Pero habiendo crecido al lado de Esteban, ¡Isabel había visto todo tipo de lujos!
Ese broche de mariposa, aunque estuviera cubierto de diamantes, no era gran cosa para ella.
Guillaume lo sabía.
Sabía que, en la familia Allende, la palabra de Isabel tenía peso con cualquiera.
Al ver que era un regalo normal, Isabel respiró aliviada.
Aquel Ander, no se le ocurrió otra cosa que regalarle un anillo de diamantes.
Recuerda que en el momento en que vio aquel regalo, se quedó de piedra.
Isabel miró a Guillaume.
—Entonces, ¿viniste a buscarme a mí específicamente?
Al ver que Guillaume solo sacó una caja, era obvio que el regalo era para ella.
Por lo tanto, había elegido un momento en que solo quedaba ella en la casa para venir.
—Sí —respondió Guillaume.
—Habla claro. ¿Cuál es tu intención? —dijo Isabel con un bufido.
Su tono fue directo y no muy amable.
Nunca trataría bien a nadie que hubiera lastimado a Vanesa, ni al antiguo Dan ni al actual Guillaume.
Aunque la relación entre Guillaume y Vanesa no era tan profunda, al final habían llegado a hablar de compromiso…
Y que ahora regresara, y encima le trajera un regalo, demostraba claramente que todavía tenía interés en Vanesa.
Un Dan ya había sido suficiente para Vanesa.
¡Y ahora aparecía un Guillaume!
Parecía que querían que Yeray la volviera loca a base de peleas.
Al ver la actitud de Guillaume, Isabel empezó a entender un poco a Yeray.
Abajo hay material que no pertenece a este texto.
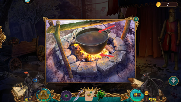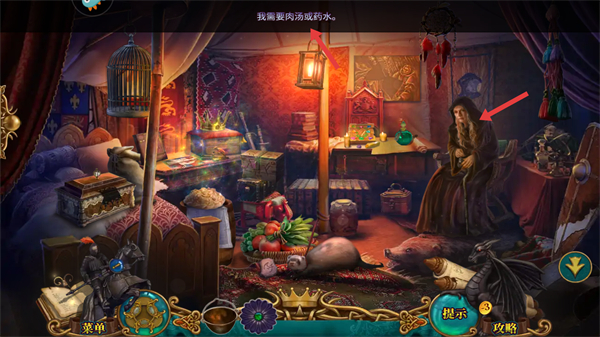1、进入帐篷场景,根据提示【我需要肉汤或药水】,明确需要制作的道具。
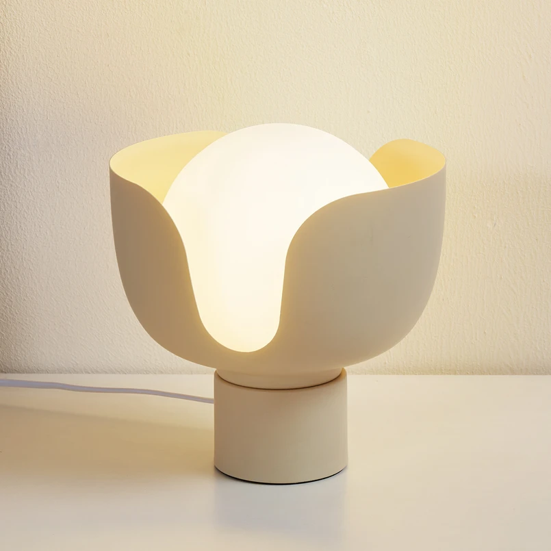 Fiora table lamp in a striking colour combination of beige and white - made of iron and glass Discover the Fiora table lamp, a masterpiece of design that blends seamlessly into modern and Scandinavian interiors. The carefully selected beige colour scheme harmonises with a variety of room concepts and adds stylish accents to living rooms, dining areas and bedrooms. Made of high-quality glass, this light not only promises pleasant light distribution, but also a long service life. Whether as a central element on a side table or as a discreet light source on a chest of drawers, this light is the perfect choice for lovers of clean lines and purist design.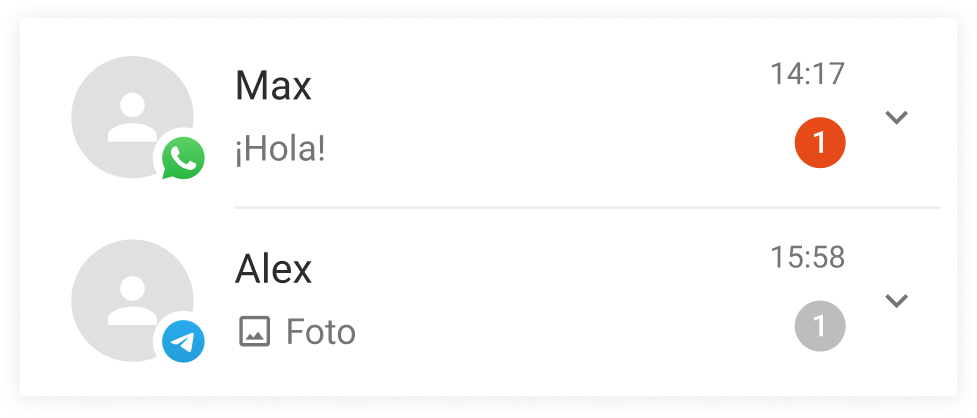 Un vendedor con el rol "Jefes" recibe notificaciones sólo en los chats de los que es responsable. Los iconos de "sin respuesta" en dichos chats serán de color rojo.

No era de extrañar que estuviera celoso.
Te casas, y de repente aparecen uno tras otro tipos que no se cortan en pretender a tu esposa.
Uno podría pasarse, pero que vinieran uno detrás de otro, ¿quién podría soportarlo?
¡Y encima, todos eran tipos que habían «muerto»!
No había nada más surrealista, y a Yeray le había tocado vivirlo todo.
Vaya suerte la suya.
Al ver la franqueza de Isabel, Guillaume sonrió.
—La princesita de la familia Allende. Antes parecía una llorona, pero resulta que es bastante directa.
—¡Ya basta, no intentes hacerte el simpático!
Ese tono tan familiar de Guillaume le resultó especialmente desagradable a Isabel.
—¿Cómo es que estás vivo?
—…
Al oír esa pregunta, su expresión se congeló.
—O mejor dicho, ¿alguna vez estuviste muerto?
¡Hablando de muertes!
Dan sí que había sido extremo, tomando una pastilla para fingir su muerte.
¿Y Guillaume?
¿Cuál era su historia?
Que Vanesa se hubiera encontrado con dos casos tan extraños era increíble. Y eso que ya había perdido a varios amigos.
No le sorprendería que se topara con un tercer caso igual de surrealista.
Si eso pasaba, ya no sabría ni qué decir.
El rostro de Guillaume seguía tenso.
Al ver que no respondía, Isabel continuó:
—Me dices que Yeray no es compatible con mi hermana, ¿eso significa que tú sí lo eres?